Mentre il governo Meloni vuole aprire in tutta fretta i centri per migranti in Albania, ripercorriamo con questo estratto dal libro di Left "Non ci potete rinchiudere" una lunga storia fatta di violazioni dei diritti umani, di soprusi e di proteste in strutture-lager dove le persone straniere sono detenute senza aver commesso alcun reato ma solo per il loro status di migranti

Questa storia inizia con l’approvazione della legge 40 (Turco-Napolitano) nel luglio 1998, quando, in nome dell’esigenza di “coniugare sicurezza e accoglienza”, nacquero i primi Cpta (Centri di permanenza temporanea e assistenza) che vennero realizzati in maniera improvvisata prima ancora di dare loro un quadro normativo.
Per la prima volta in Italia – nel resto d’Europa era già una prassi – si potevano privare le persone della libertà personale in virtù del fatto che la loro presenza non era considerata regolare. La finalità dei centri riguardava gli «stranieri destinatari di un provvedimento di espulsione con accompagnamento coattivo alla frontiera non immediatamente eseguibile». Persone che non avevano commesso reati, rinchiuse per ciò che erano. Per facilitare i rimpatri delle persone considerate irregolari, l’allora ministro dell’Interno si affrettò a siglare i primi accordi bilaterali di riammissione con alcuni Paesi del Nord Africa che raramente produssero i risultati sperati.

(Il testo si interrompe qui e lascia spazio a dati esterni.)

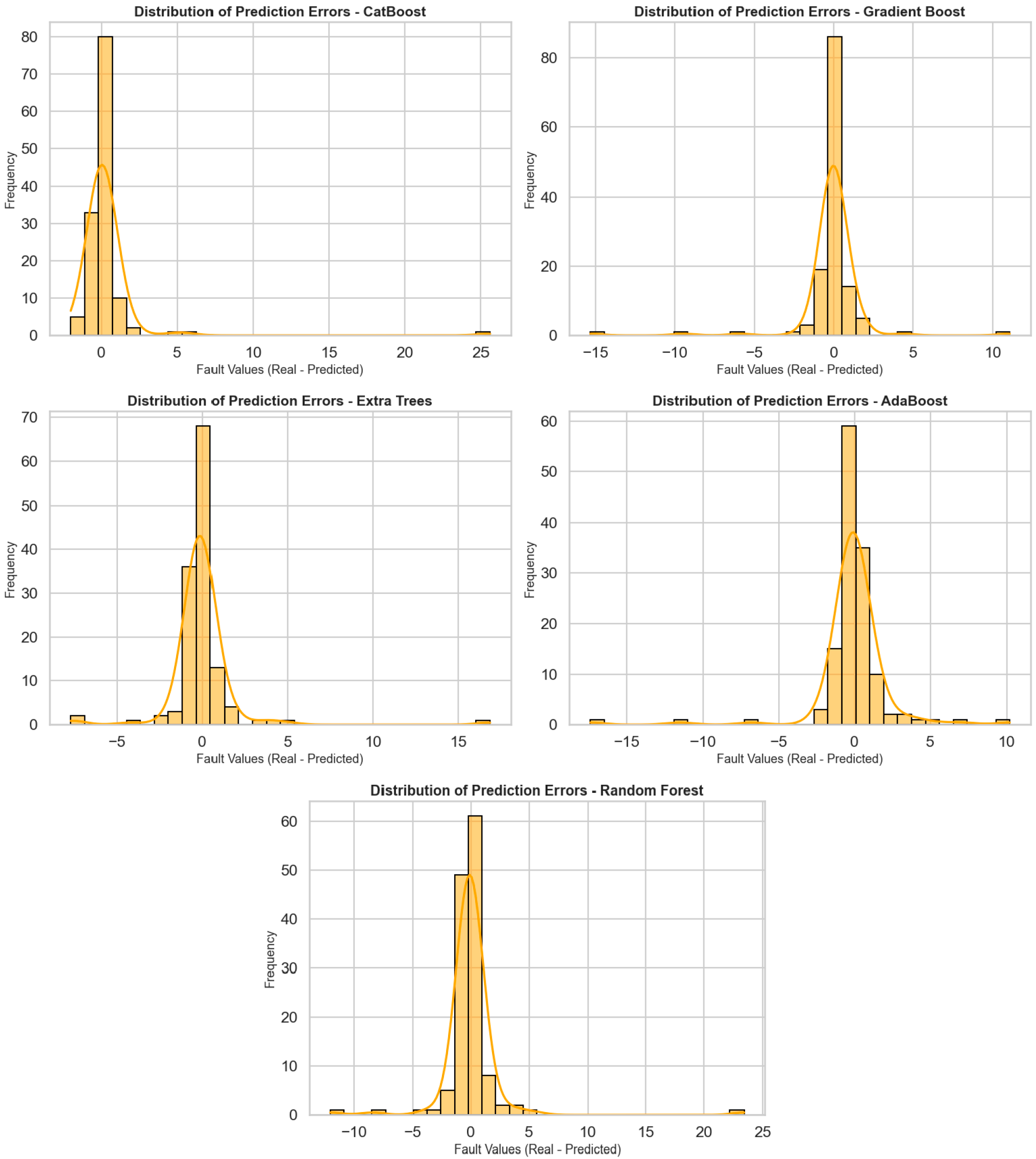 Figure 3 shows the distribution of prediction errors for five different regression algorithms (CatBoost, Gradient Boost, Extra Trees, AdaBoost, and Random Forest), visualized using histograms and density curves. The horizontal axis represents prediction errors (actual value—predicted value), while the vertical axis represents the frequency of these errors. These graphs are very valuable for analyzing the deviation behavior of models and seeing to what extent predictions are prone to error. When the graphs are examined in general, it can be observed that prediction errors in all models are concentrated close to zero, i.e., within the correct prediction range. In particular, the error distribution in the CatBoost, Gradient Boost, and Extra Trees models is quite symmetrical, with a dense accumulation around the center (around 0). This implies that such models forecast without systematic bias and tend to perform with small errors. The CatBoost model was highly accurate with most errors between −2 and +2. Both the Gradient Boost and Extra Trees models also have a concentrated distribution of errors, but more infrequent but meaningful deviations are recorded at extreme points. The error distribution in the AdaBoost model is more spread out, and there is greater variation between +5 and −5. The Random Forest model primarily follows the central distribution but produces prediction errors greater than 10 for certain outliers. Overall, these distribution charts are crucial to study not only the average performance of the models, but also their reliability and their capacity to respond in unexpected situations. CatBoost and Gradient Boost models demonstrate a stable prediction performance with tight ranges and central density for the distribution of error, whereas for AdaBoost and Random Forest models’ performances, more cautious analyses and deeper optimization are needed due to the deviations of extreme values.

I centri in cui allora si poteva restare rinchiusi fino ad un mese in attesa dell’espulsione nacquero da un giorno all’altro e in modo non organico. A Lampedusa non c’era ancora la struttura di Contrada Imbriacola, quindi le persone venivano tenute nei pressi dell’aeroporto e poi nell’ex base militare Loran che non risultava inquadrata come Cpta ma che di fatto aveva quella funzione. A Trapani venne preso in affitto un ospizio in disuso, il “Serraino Vulpitta”, tramutato in struttura con celle, a Roma si utilizzò parte di una caserma nei pressi dell’aeroporto di Fiumicino, a Ponte Galeria, e poi fu la volta di Agrigento, Bari, Brindisi. Già da allora i servizi di “assistenza” (sanità, pasti ecc.) vennero dati in gestione a imprese o cooperative che a volte partecipavano a gare pubbliche, più spesso ottenevano un affidamento diretto: un business enorme. La sorveglianza esterna e la repressione interna in caso di emergenze era (come ancora oggi) gestita dalla locale prefettura e quindi attraverso personale dei diversi corpi dello Stato. Furono in molti a “offrirsi” per fornire strutture adeguate, da don Cesare Lodeserto che in Puglia fece rapidamente trasformare il suo centro Regina Pacis, prima adibito all’accoglienza, in un Cpta, alle città di Milano (via Corelli), Torino, (Corso Brunelleschi), Bologna (via Mattei). A Modena ne sorse uno gestito dalle Misericordie il cui presidente era Daniele Giovanardi, fratello del più noto uomo politico Carlo Giovanardi. E poi Foggia, Crotone (Isola Capo Rizzuto) accanto a un immenso campo di accoglienza, Lamezia Terme, (gestito da un responsabile della protezione civile e realizzato al posto di una comunità di accoglienza per tossicodipendenti). Nel 2006 venne aperto il Cpt di Gradisca D’Isonzo, ribattezzata la “Guantanamo italiana” per l’uso di tecnologia avanzata atta a impedire fughe, rivolte, socialità eccessiva fra gli “ospiti”. Sì perché chi vi era trattenuto non era considerato detenuto ma “ospite” al punto che le fughe non potevano essere addebitate agli addetti alla sorveglianza per negligenza. A Ragusa venne aperta una struttura solo per donne in pieno centro, con personale quasi esclusivamente maschile.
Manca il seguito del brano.